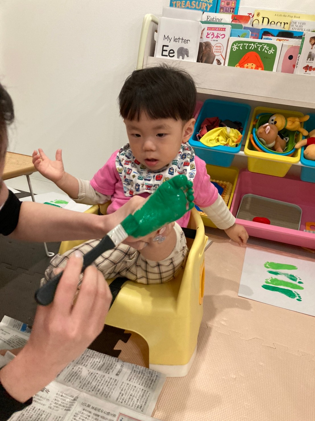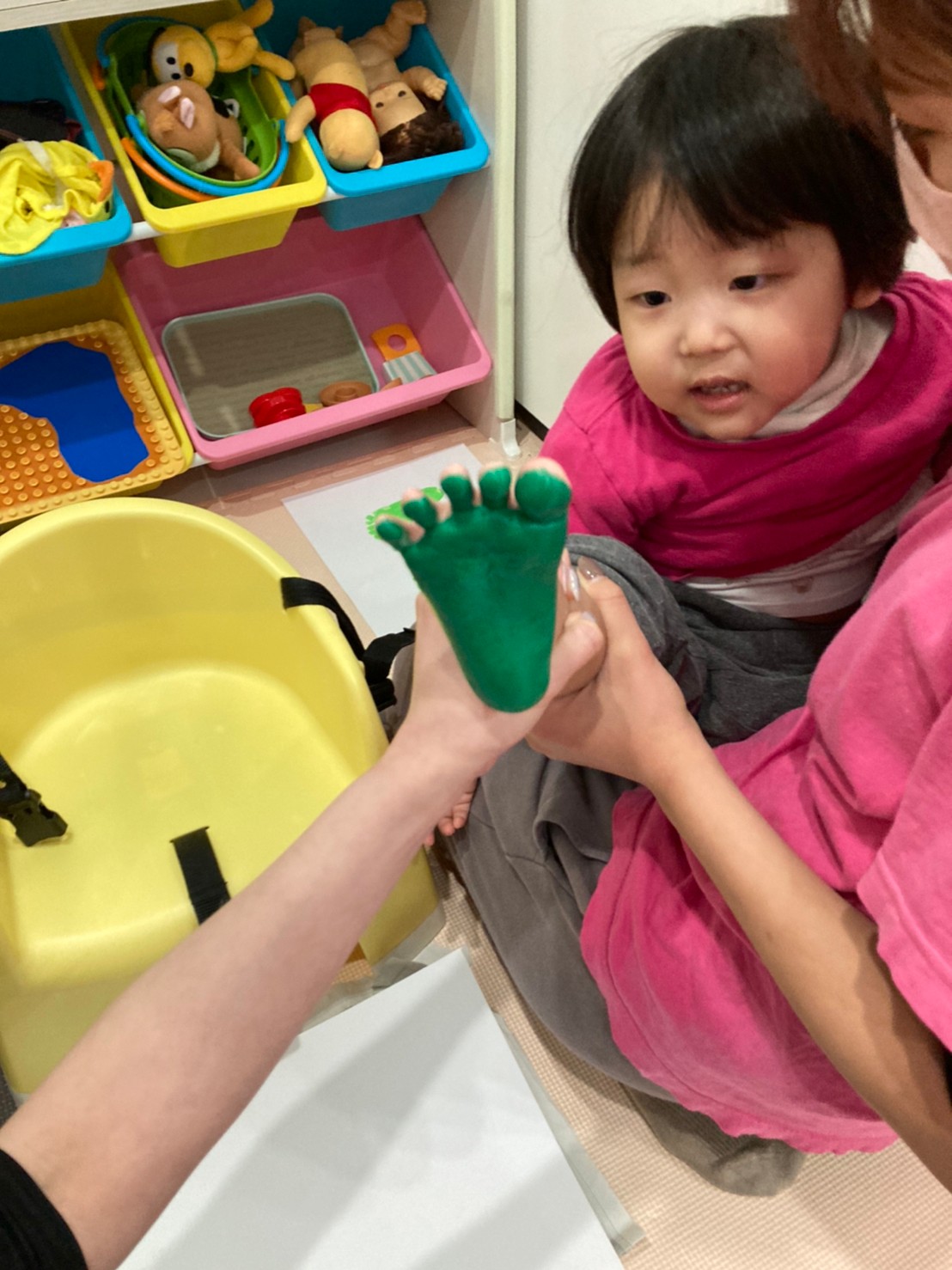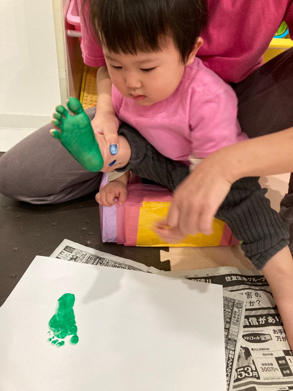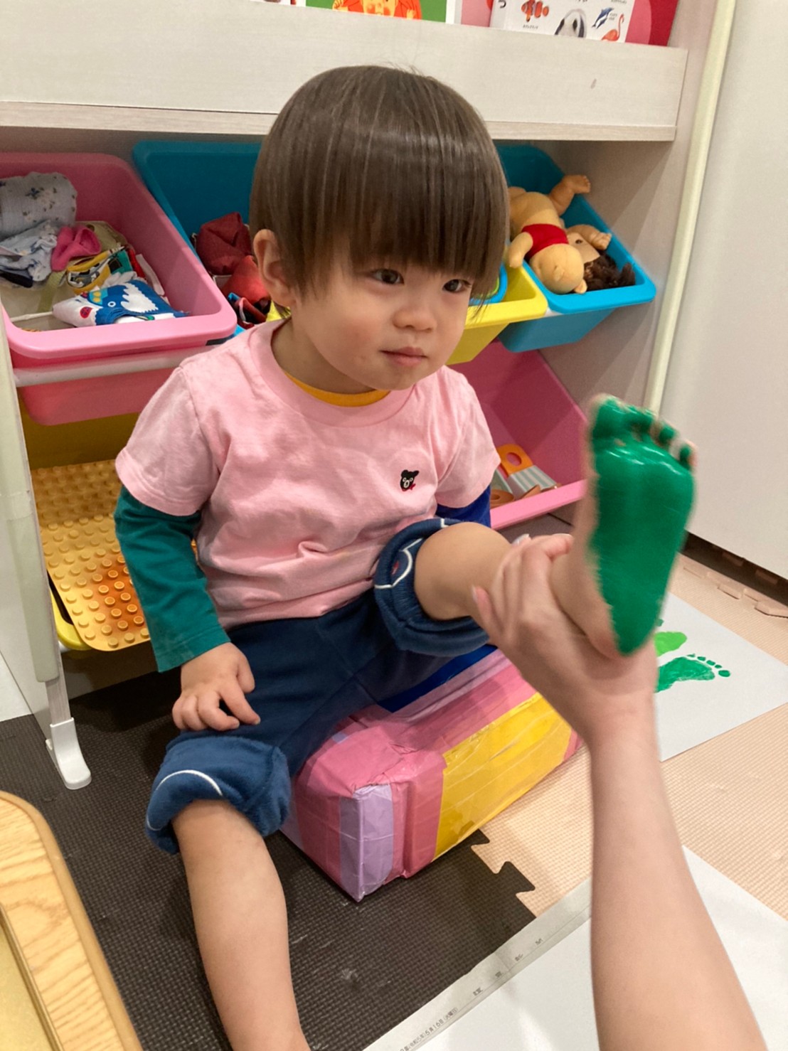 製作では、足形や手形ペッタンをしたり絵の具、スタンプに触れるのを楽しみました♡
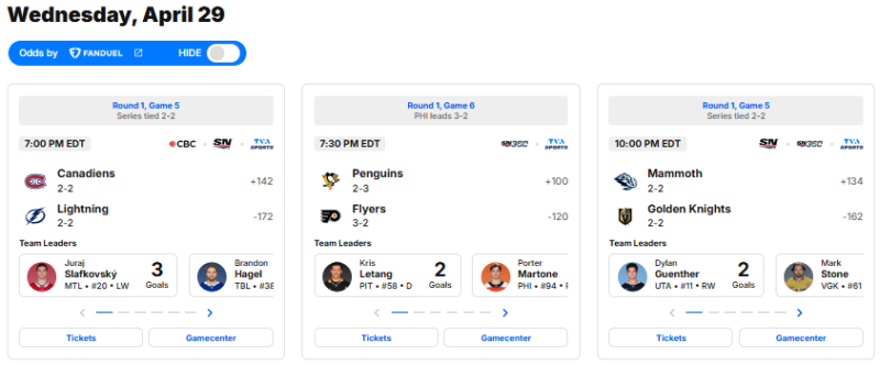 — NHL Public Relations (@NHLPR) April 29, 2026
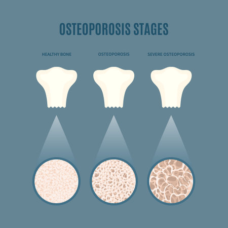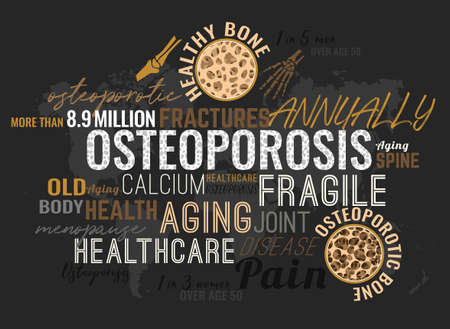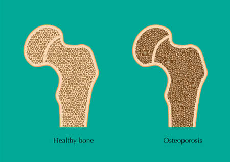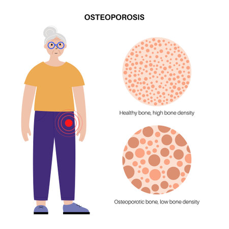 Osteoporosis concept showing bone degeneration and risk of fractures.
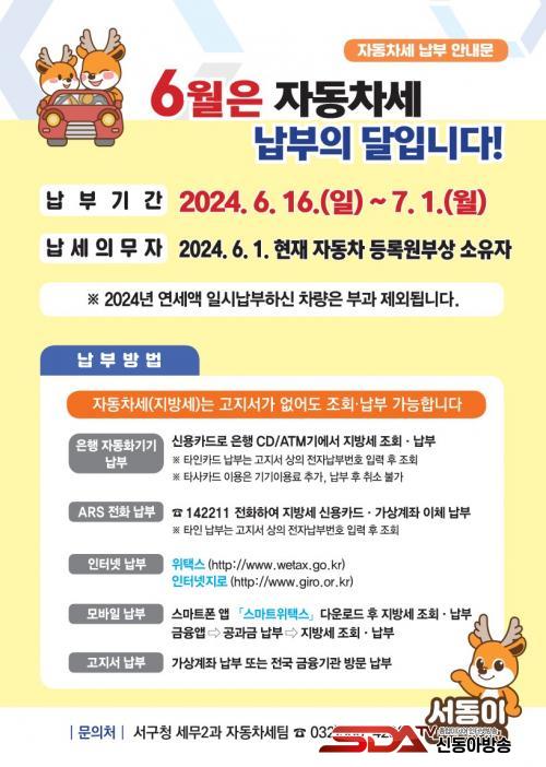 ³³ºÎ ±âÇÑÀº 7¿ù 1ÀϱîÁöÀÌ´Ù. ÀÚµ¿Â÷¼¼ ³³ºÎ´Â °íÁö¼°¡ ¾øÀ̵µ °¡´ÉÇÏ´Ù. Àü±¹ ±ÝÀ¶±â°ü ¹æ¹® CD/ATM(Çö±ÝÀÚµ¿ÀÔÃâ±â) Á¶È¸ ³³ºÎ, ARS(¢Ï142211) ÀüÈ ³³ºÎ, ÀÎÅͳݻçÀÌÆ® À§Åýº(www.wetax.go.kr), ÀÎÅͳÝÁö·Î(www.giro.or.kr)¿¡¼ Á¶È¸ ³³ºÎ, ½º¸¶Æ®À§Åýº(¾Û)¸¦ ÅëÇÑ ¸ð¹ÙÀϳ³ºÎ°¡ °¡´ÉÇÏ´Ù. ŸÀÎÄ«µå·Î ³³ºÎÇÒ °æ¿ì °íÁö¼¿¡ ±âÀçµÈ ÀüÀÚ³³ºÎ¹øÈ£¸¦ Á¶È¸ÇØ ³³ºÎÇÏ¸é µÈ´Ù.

^^^^

[WHAT YOU ARE ASKED TO DO]
Output all of the data exactly. Skip the pictures.

[SOLVED EXERCISE]
 製作では、足形や手形ペッタンをしたり絵の具、スタンプに触れるのを楽しみました♡
 — NHL Public Relations (@NHLPR) April 29, 2026
 Osteoporosis concept showing bone degeneration and risk of fractures.
 ³³ºÎ ±âÇÑÀº 7¿ù 1ÀϱîÁöÀÌ´Ù. ÀÚµ¿Â÷¼¼ ³³ºÎ´Â °íÁö¼°¡ ¾øÀ̵µ °¡´ÉÇÏ´Ù. Àü±¹ ±ÝÀ¶±â°ü ¹æ¹® CD/ATM(Çö±ÝÀÚµ¿ÀÔÃâ±â) Á¶È¸ ³³ºÎ, ARS(¢Ï142211) ÀüÈ ³³ºÎ, ÀÎÅͳݻçÀÌÆ® À§Åýº(www.wetax.go.kr), ÀÎÅͳÝÁö·Î(www.giro.or.kr)¿¡¼ Á¶È¸ ³³ºÎ, ½º¸¶Æ®À§Åýº(¾Û)¸¦ ÅëÇÑ ¸ð¹ÙÀϳ³ºÎ°¡ °¡´ÉÇÏ´Ù. ŸÀÎÄ«µå·Î ³³ºÎÇÒ °æ¿ì °íÁö¼¿¡ ±âÀçµÈ ÀüÀÚ³³ºÎ¹øÈ£¸¦ Á¶È¸ÇØ ³³ºÎÇÏ¸é µÈ´Ù.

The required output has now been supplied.